A 2020 Cochrane systematic review by Mehrholz et al. analyzed 62 randomized controlled trials involving 2,440 stroke survivors and found that electromechanical assisted gait training combined with physiotherapy doubled the odds of achieving independent walking (OR = 2.01, 95% CI: 1.51 to 2.69, p < 0.00001) compared to physiotherapy alone. A separate 2020 meta analysis by da Cunha et al. in Annals of Physical and Rehabilitation Medicine examined 14 RCTs involving 1,115 participants and found that functional electrical stimulation (FES) of the peroneal nerve improved gait speed when combined with supervised exercise. The evidence is clear: electrical stimulation of weakened muscles, applied at the right time during the gait cycle, can restore functional walking in people with neurological motor impairments.

The Cionic Neural Sleeve 2 represents the most advanced consumer implementation of this principle. It is not a laboratory device or a clinic bound therapy tool. It is a wearable garment, a full leg sleeve embedded with sensors and stimulation electrodes, powered by AI that detects gait phase in real time and delivers precisely timed functional electrical stimulation to the muscles that need it. Cleared by the FDA as a Class II medical device in September 2025, it is the only wearable that simultaneously activates weakened muscles and relaxes spastic muscles, addressing the two primary motor impairments that destroy walking ability in neurological disease.

What Is the Cionic Neural Sleeve 2?

The Cionic Neural Sleeve 2 is a full leg wearable garment that looks like a compression sleeve with embedded electronics. Integrated sensors detect the wearer’s gait phase (stance, swing, heel strike, toe off) in real time, and an AI algorithm determines which muscles need activation and which need relaxation at each moment of the walking cycle. Functional electrical stimulation (FES) electrodes embedded in the fabric deliver precisely timed stimulation to the appropriate muscle groups, compensating for the neural signals that the brain can no longer reliably deliver.

The device’s proprietary “MultiStim” technology is what distinguishes it from conventional FES devices. Traditional FES devices stimulate one muscle group at a time, typically the ankle dorsiflexors for foot drop. The Neural Sleeve 2 can simultaneously activate muscle movement (e.g., lifting the foot during swing phase) and relax spastic muscles (e.g., reducing calf muscle spasticity that resists dorsiflexion), addressing both the weakness and the involuntary resistance that characterize neurological gait disorders. The AI continuously adapts the stimulation parameters based on real time sensor feedback, adjusting to the wearer’s changing gait patterns throughout the day.
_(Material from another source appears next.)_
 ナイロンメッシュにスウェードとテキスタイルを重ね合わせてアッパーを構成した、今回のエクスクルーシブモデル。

The sleeve connects to a companion app that provides gait analytics, walking metrics, and stimulation adjustments. The system is designed for all day wear during normal daily activities, not just during therapy sessions. It is available through a subscription model: $260/month in the first year with reduced rates in subsequent years, with the subscription covering the device, all software updates, and ongoing technical support.
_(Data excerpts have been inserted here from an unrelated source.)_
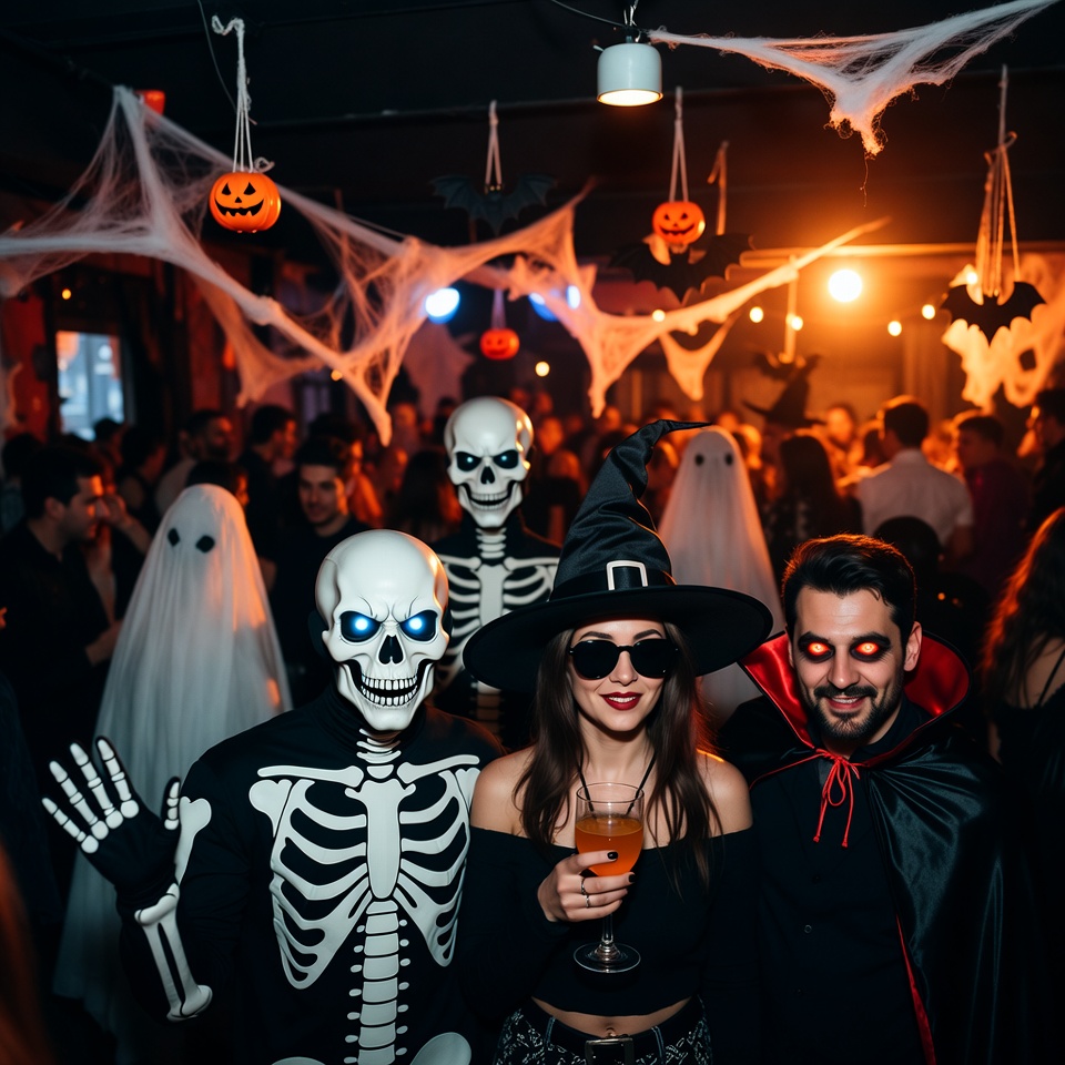 Multiracial, White, adults, cape, celebration, cobwebs, costumes, crowd, dark venue, drink, female, festive, ghost, group, jack-o-lanterns, male, man, nightclub, orange lights, party, skeleton, skull mask, spooky, sunglasses, vampire, witch, woman, Halloween party
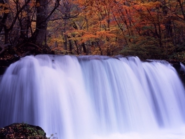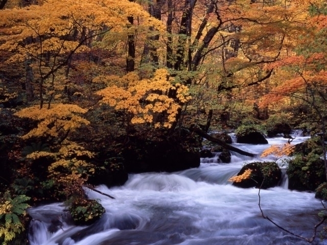 十和田湖から唯一流れ出ている奥入瀬川。湖畔から約14km続く奥入瀬渓流は十和田湖とは対照的に躍動感のある流れが印象的。うっそうとした樹木に覆われ、渓流にはツツジやカエデ、岩には苔が見られる。ブナ、カツラ、トチノキ、モミジ、カエデなどに染め上げられた渓流は遊歩道を散策して初めて本当の魅力が感じられる。
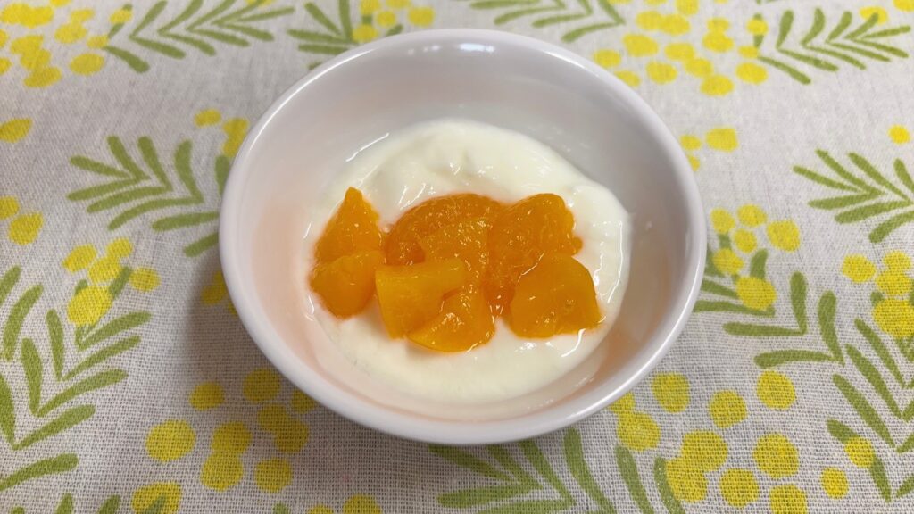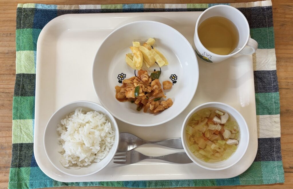 今日のメニュー 10月10日(金) ごはん チキンチャップ じゃが芋スティック揚げ 野菜スープ チキンチャップはこんがり焼いた鶏もも肉に炒めた玉ねぎ・ピーマンを混ぜ合わせ、ケチャップ・ソースで味付けしました。ケチャップの味付けだと食べやすかったのかいつもは残している玉ねぎを「たべれるよ!」と見せてくれる姿がありました。じゃがいもなど、口の中でまとまりやすく食べやすい食材はスティック状で出す事で、自分の一口を知る事ができます。 おやつ フルーツヨーグルト 今日のメニュー 前の記事

The Science Behind AI Powered Functional Electrical Stimulation

Functional electrical stimulation works by delivering controlled electrical pulses to muscles through surface electrodes, causing the muscles to contract in a pattern that mimics normal voluntary movement. In healthy walking, the brain sends precisely timed motor commands through the spinal cord to the leg muscles: the hip flexors initiate the swing phase, the dorsiflexors lift the foot to clear the ground, the quadriceps extend the knee for heel strike, and the calf muscles push off for propulsion. When neurological disease disrupts these commands, FES provides an external substitute.

According to PubMed, the Mehrholz et al. 2020 Cochrane review of 62 RCTs established that combining electrical stimulation based gait training with physiotherapy significantly improved the odds of independent walking (OR = 2.01, high quality evidence). The review calculated a number needed to treat of eight: for every eight patients who received electromechanical assisted gait training, one additional patient achieved independent walking who would not have done so with physiotherapy alone. People in the first three months after stroke and those who were non ambulatory at baseline benefited most.

The da Cunha et al. 2020 meta analysis of 14 RCTs found that FES applied to the peroneal nerve improved gait speed when combined with supervised physiotherapy. The meta analysis also found improvements in ankle dorsiflexion, balance, and functional mobility, though the quality of evidence was rated as low and heterogeneity was high across studies.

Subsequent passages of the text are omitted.